Since arriving, I’ve been struck by the outright earnesty in the business names. At first I laughed, often because I was taken by surprise in conversation – “you’ll like that neighborhood. They have lots of fresh food and a healthy butcher.” Sounds good, right? The next day, when I was walking around the neighborhood, I passed The Healthy Butcher. It’s the name of the store, not just a positive descriptor.

Once this initial realization hit me, I began to notice more and more examples. “Sushi-2-Go,” “Trendy Fabrics,” “No-Frills Grocery Mart,” “The Social Club,” “Canadian Tire,” (which is actually more of a home depot) and it goes on and on.

I was laughing about this with a friend here, and her response was “Don’t hate, we’re just straight up here.” Yeah, or unimaginative ;)

But when they DO get imaginative, they go all the way. My favourite examples: Shanghai Cowgirl (diner), Bovine Sex Club (bar), Future Shop (like Circuit City)

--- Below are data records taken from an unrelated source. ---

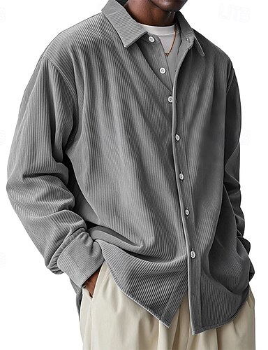 Pánské Kordurová košile Černá Fialová Hnědá Šedá Dlouhý rukáv Bez vzoru Přehnutý Škola Trénink Kapsy Oblečení Vinobraní Klasické Na běžné nošení
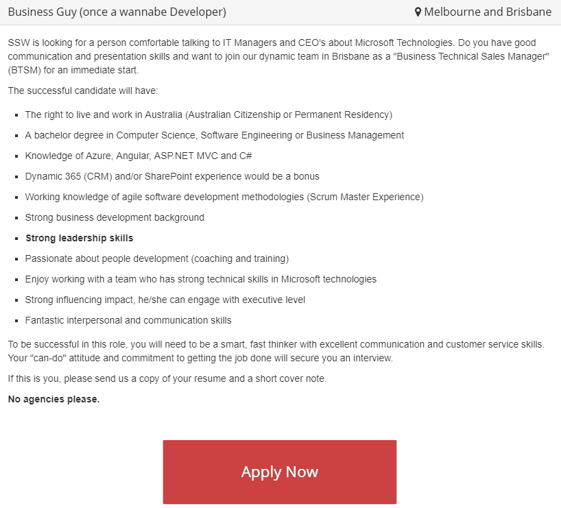 We also try to make our ads interesting and fun to help them stand out. For example, when we needed a new State Manager for Brisbane, we wanted someone with a Business mind, who also knew our industry inside and out. So we created the title "A Business Guy (once a wannabe developer)". This got people's attention, and got us the right person for the job!
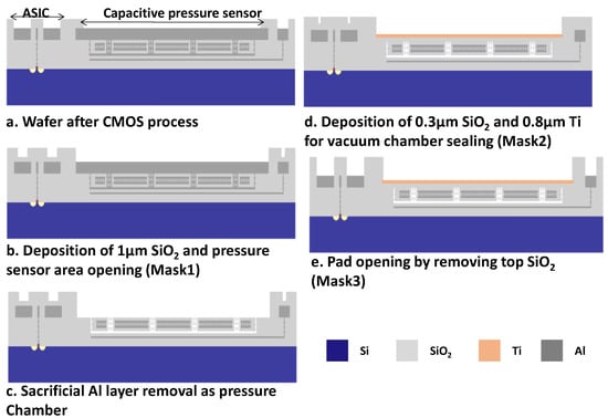 The MEMS pressure sensor structure was formed in the CMOS fabrication, including the bottom electrode (M2 for Design 1, M2/3 for Design 2), middle metal for cavity (M3 for Design 1, M4 for Design 2), top electrode (M4/5 for Design 1, M5 for Design 2), and via connection from the middle metal to M6. Figure 6a is the structure after CMOS fabrication by the commercial foundry. Subsequent three mask sets were used to achieve the vacuum-sealed pressure sensor in the MEMS post-process. Firstly, 1-µm-thick PECVD SiO2 was deposited on the surface to protect the pad opening of the ASIC circuits in the silicon wafer. Next, the pressure sensor area was opened and the previous SiO2 layer was etched by reactive ion etch process (RIE) (Figure 6b). Then, M6, via, and middle metal were etched away by Piranha solution (H2SO4:H2O2 as 1:1). The wafer was then rinsed in distilled water (DI) and dried in CO2 supercritical dryer (Figure 6c). The cavity was opened in this process. The wafer was then coated by 0.3-µm thick low stress PECVD SiO2 and 0.8-µm thick titanium for vacuum chamber sealing. Titanium acts as high-density material for sealing, and, also, it can absorb moderate remaining gas in the chamber to keep the chamber at high vacuum level (<0.01 Torr). The Ti was etched outside of pressure sensor region (Figure 6d). Finally, the pads were opened by removal of the SiO2 (Figure 6e).

I’ll keep you updated if I encounter more….

Tuesday, January 6, 2009

Today I saw...

a car getting a ticket in downtown Toronto. That is not surprising. What IS, is that the officer writing the ticket was on a horse. ON A HORSE. Picture this: downtown Toronto, skyscrapers, bustling traffic, crowded sidewalk, streetcars ringing their bells, a car and driver pulled to the curb in front of a fancy high-end organic grocery store. Behind the car, two police officers on horses, looking down into the rear windshield as the man on the right writes the ticket. HORSES.

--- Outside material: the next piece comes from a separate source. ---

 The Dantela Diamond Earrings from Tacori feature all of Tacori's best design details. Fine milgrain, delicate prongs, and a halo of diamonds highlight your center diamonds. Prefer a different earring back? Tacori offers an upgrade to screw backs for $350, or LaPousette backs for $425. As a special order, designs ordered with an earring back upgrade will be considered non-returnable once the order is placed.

How do you get pulled over by a horse? They didn't even have lights.

I really wish I had my camera with me.

Monday, January 5, 2009

Thanks for all that info, CBC…

I’ve had a lot of time in the past few days to watch TV. One would think that, due to the proximity of the city of Toronto to the US (and vice versa) that TV in general and local commercials specifically would be relatively close to what we see in the US. What I’ve found, however, is that this is not the case. TV here differs in many ways, from the obvious to the very subtle. I have a feeling this will be an on-going topic, but here are some of the highlights I’ve noticed so far:

Best TV show name and concept: “Little Mosque on the Prairie,” about a Muslim family in the territories.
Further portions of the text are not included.